The exciting part of geospatial analysis is visualization. Because geospatial analysis is a computer-based process, it is good to be aware of how geographic data appears on a computer screen.

Geographic data including points, lines, and polygons are stored numerically as one or more points, which come in (x,y) pairs or (x,y,z) tuples. The x represents the horizontal axis on a graph. The y represents the vertical axis. The z represents terrain elevation. In computer graphics, a computer screen is represented by an x and y axis. A z axis in not used because the computer screen is treated as a two-dimensional plane by most graphics software APIs.

Another important factor is screen coordinates versus world coordinates. Geographic data is stored in a coordinate system representing a grid overlaid on the earth, which is three-dimensional and round. Screen coordinates, also known as pixel coordinates, represent a grid of pixels on a flat, two-dimensional computer screen. Mapping x and y world coordinates to pixel coordinates is fairly straightforward and involves a simple scaling algorithm. However, if a z coordinate exists then a more complicated transform must be performed to map coordinates from 3D space to a 2D plane. These transformations can be computationally costly and therefore slow if not handled correctly.

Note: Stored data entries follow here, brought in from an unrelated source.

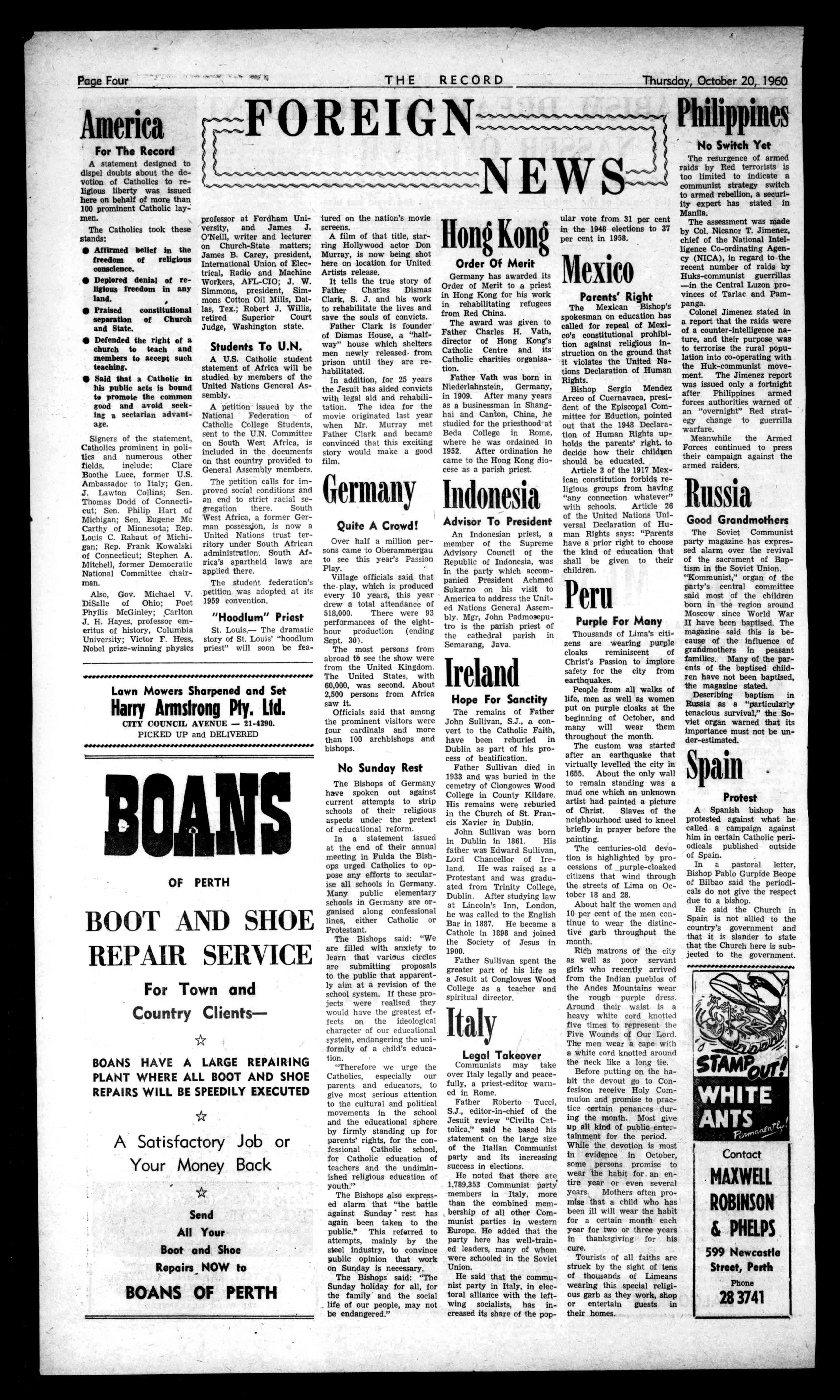 Master St.JohnofGodBrothers Morisset,N.S.W. MenthatNurseforChrist. HOTWATER atoufteetkark Utaditak_a4u4"1"e HASSELLS,WellingtonSt.,forall BRAEMARHotWaterSystems. WeInstallalsoTrade-In.1stqualityBaths,£25,all colours.AllmakesofStoves,Sinks,Cupboards,BuildingSuppliesf.'slessatHassell&Phone:21-3647. BYSEADIRECTTOSOUTHAMPTON,ROTTERDAM,BREMENHAVEN,m/v "AURELIA,"sailinon18/11/1960and28/1/1961from FREMANTLE,minimumfareUN1011,ortoGENOAper LLOYDTRIESTINO,FLOTTALAUROandCOGEDAR LINEVESSELS,faresfrom£A90andtothemainEuropean citiesbytrainatreducedrates.Forfulldetails,bookings, touristtripsandhotelreservationsinEuropeapplyto: ATLANTICSHIPPING-TravelAgency 2CANTONMENTSTREET,FREMANTLE. M.T.T.BusesFremantleTerminal.Phone5-31t1. "AlsoforallyourAIR,RAIL,PIONEERBUSESBOOKINGSwithinAUSTRALIAcontacttheATLANTIC TRAVELAGENCY." PractitionersinAll BranchesofDentistry 790-794HAYSTREET. PERTH Ptionorr21.7484,51-78E7 tmergeosyr71-2601,116-16118. Principals:JosephL.Roserol AlfredLRogersDtp.13.s. CoavoiatootCarParkingCowEs *TramielbyPlume THERECORD,450HAYSTREET. BoxR1279,G.P.O.,PERTH Telephone21-2837. SubscriptionRates: Allcorrespondenceshould £2/5/6peryear beaddressedtoThe £1/2/9perhalf-year Manager. Engagements,Births,Marriages,Deaths,InMemoriam, Accommodation,Wanted,ForSale,andallclassesof ClassifiedAdvertisements:4/-forthefirst10words, then1/6foreveryfivewordsorpartthereof. DISPLAYADVERTISING;15/-persinglecolumninch, orbycontractrates.-ApplyAdvertisingDepartment. CLASSIFIEDADVERTISEMENTS Deaths ALLEN(Marguerite):Passedtohereternallifeon October14th. Beloved wifeofGeorge,motherof Beres(Mrs.K.Jones), Peter(SouthAustralia)and Pauline.Dearsisterof Eileen(MotherFrancisRegiv,LoretoConvent,Brisbane)Cathleen,
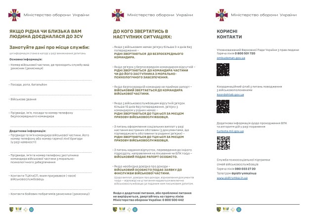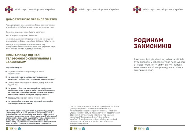 Міністерство оборони України у рамках інформаційної кампанії «Родинам захисників» розробило брошуру. Вона містить інформацію та поради, які знадобляться під час телефонного спілкування із захисниками та захисницями.
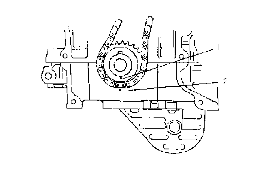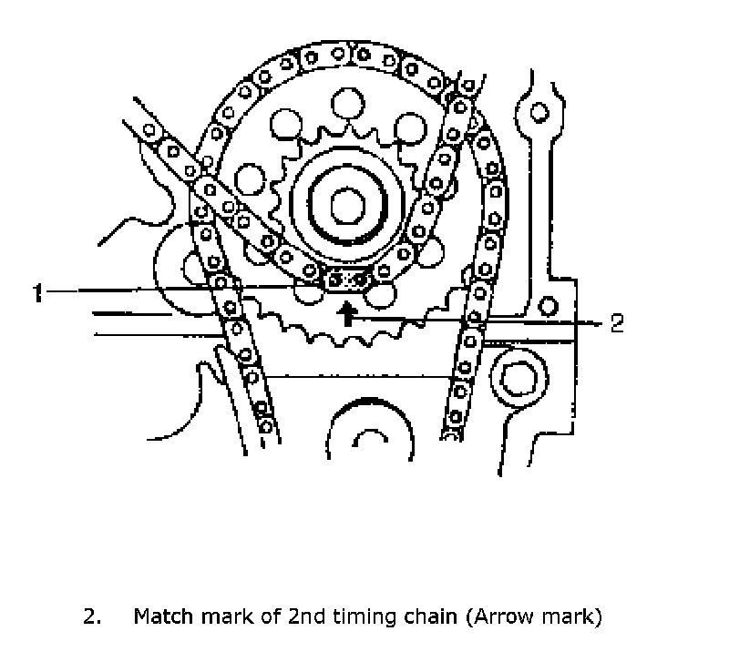 1) Check that match mark (1) on crank timing sprocket is in match with timing mark (2) on lower crankcase as shown in figure.
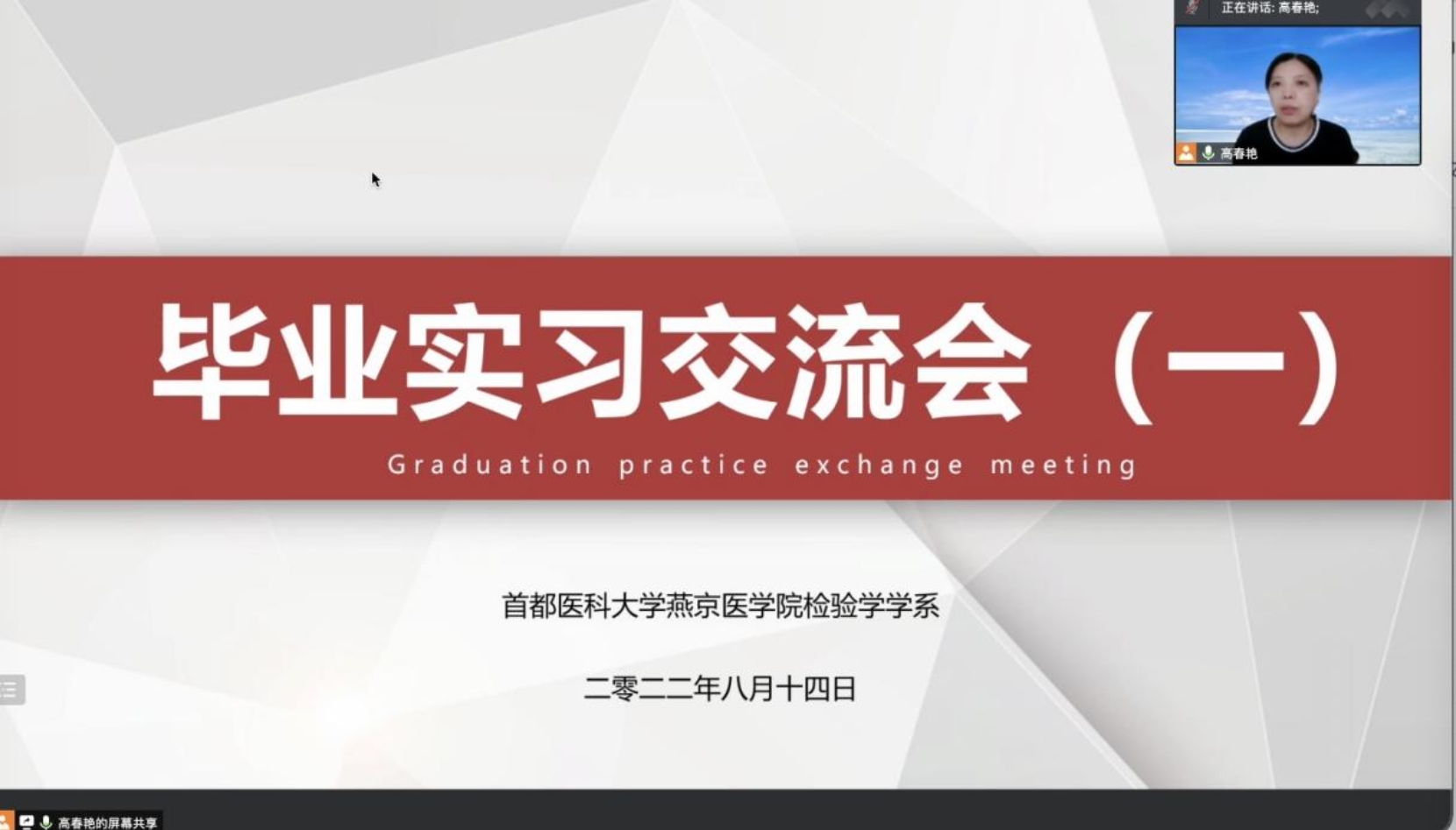 8月14日上午,检验学学系召开第一次毕业实习交流会。2019级卫生检验与检疫专业全体学生及学系支部书记李琴老师、辅导员姜佳玲老师参加会议,会议由学系主任高春艳老师主持。
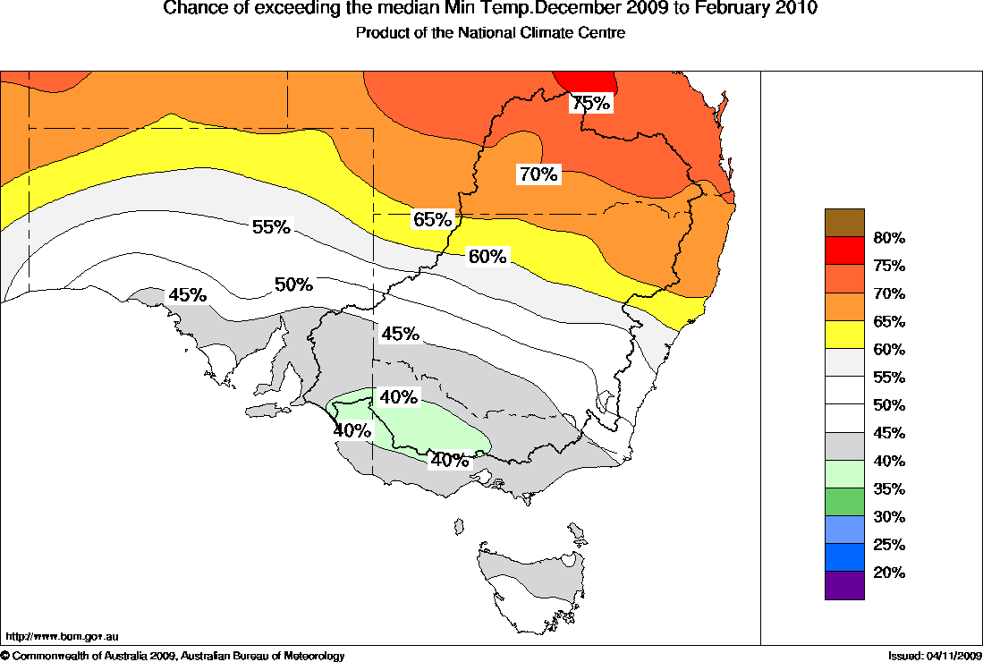 For southeastern Australia, the outlook for mean summer (December-February) temperatures favours warmer conditions in far northern NSW, while cooler than normal nights are indicated in parts of Victoria and SA.
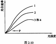 24. 在表2-5中四种实验条件下,测定了不同光照强度对光合作用速率的影响,结果如图2-10所示。表2-5
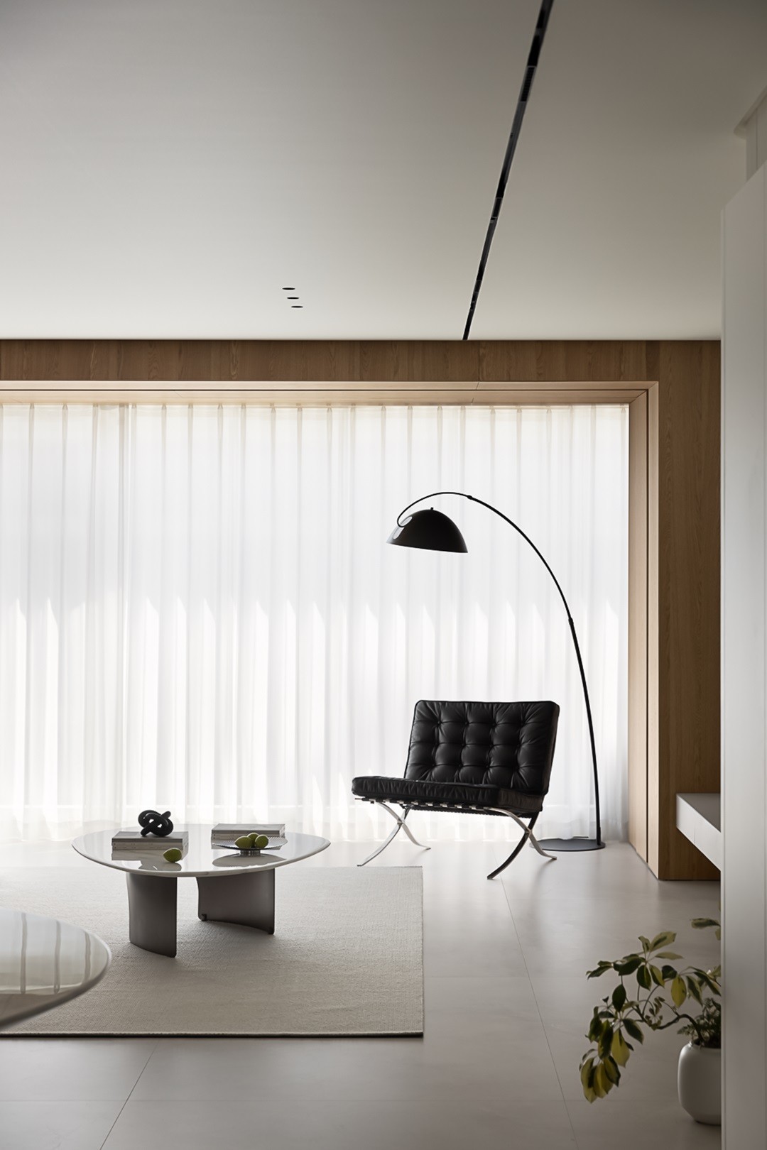 ▲大量地采用了木头这种温柔的材质,带点灰咖调的木饰面从吊顶延伸至地,像一只手将窗边的空间包裹起来,给人以温暖、松弛的感受。

In the case of remote sensing data, the challenge is typically file size. Even a moderately sized satellite image, compressed, can be tens, if not hundreds of megabytes. Images can be compressed using lossless or lossy methods. Lossless methods use tricks to reduce file size without discarding any data. Lossy compression algorithms reduce file size by reducing the amount of data in the image while avoiding a significant change in appearance of the image. Rendering an image on the screen can be computationally intensive. Most remote sensing file formats allow for storing multiple lower-resolution versions of the image, called overviews or pyramids, for the sole purpose of faster rendering at different scales. When zoomed out from the image to a scale where you couldn't see the detail of the full resolution image, a pre-processed, lower-resolution version of the image is displayed quickly and seamlessly.